Low surface free energy cyanate ester-silica hybrid (CE-SiO2) nanomaterials for low k dielectric applications

The present work addresses the synthesis of 1,4-bis(2-(4-hydroxyphenyl)-2- propyl)benzene based cyanate ester-silica hybrid (CE-SiO₂) nanomaterials by an in situ sol-gel method.
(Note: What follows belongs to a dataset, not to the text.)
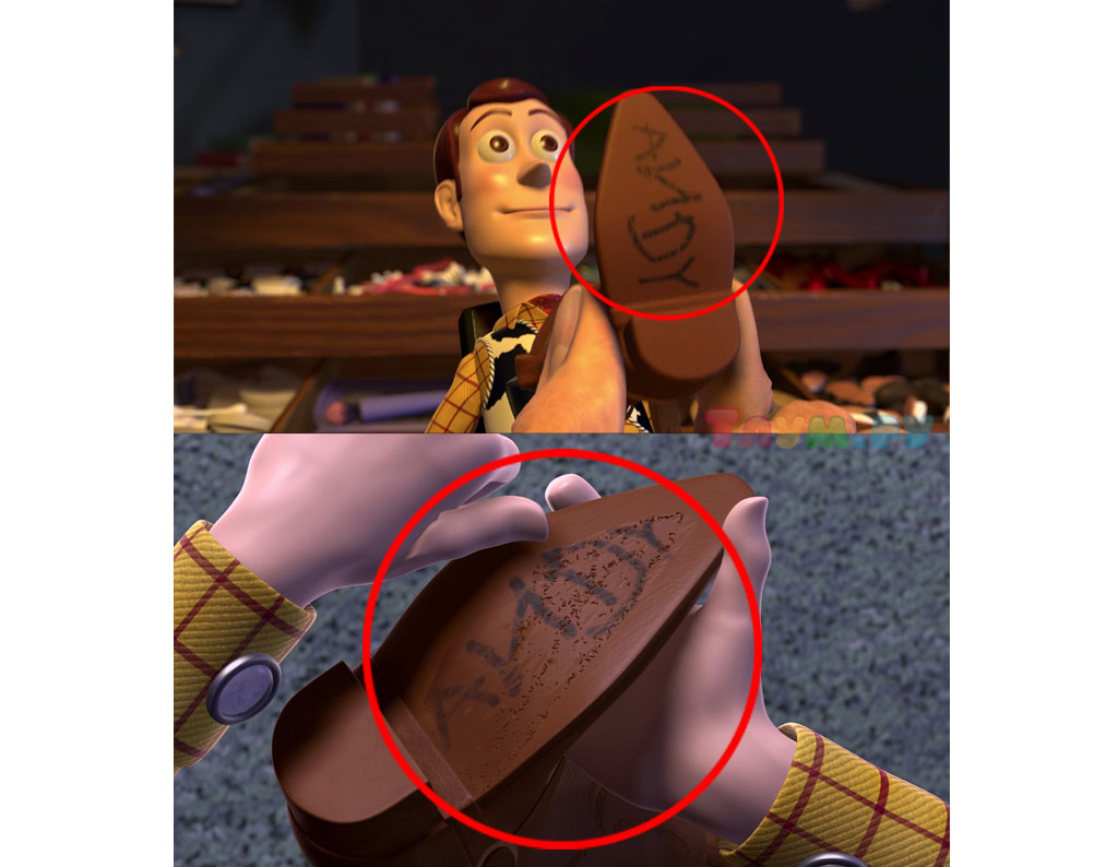 Когда Вуди закрасили надпись на подошве обуви, можно было заметить, что имя Энди написано начиная с носка и до пятки. В дальнейшем, когда ковбой сотрёт краску, можно увидеть, что надпись изменила своё положение, и теперь начинается от каблука и идёт к носку. Очевидный ляп!

The nanomaterials are synthesized using a 1,4-bis(2-(4-cyanotophenyl)-2-propyl)benzene [CE] (organic phase) monomer and tetraethoxysilane (TEOS) (inorganic phase) in the presence of various molar ratios of coupling agents [γ-aminopropyltriethoxysilane (APTES) or 3-glycidoxypropyltrimethoxysilane (GPTMS)] through covalent bond interaction. The formation of a covalent bond between the organic and inorganic phases is confirmed by FT-IR. Thermal studies indicate that nanomaterials (CE-SiO₂) show a higher T_g and thermal degradation temperature when compared with neat CE. Morphological studies confirm the molecular level dispersion of silica and CE resin. From the contact angle measurement, the hybrid materials are seen to possess better hydrophobicity i.e. the contact angle value increases from 89°and 57°to 108°and 78°for water and diiodomethane as a probe liquid respectively, also surface free energy reduced from 32.8 to 19.00 mJ m^-2. These materials are expected to find wide application in the field of microelectronics and optoelectronics.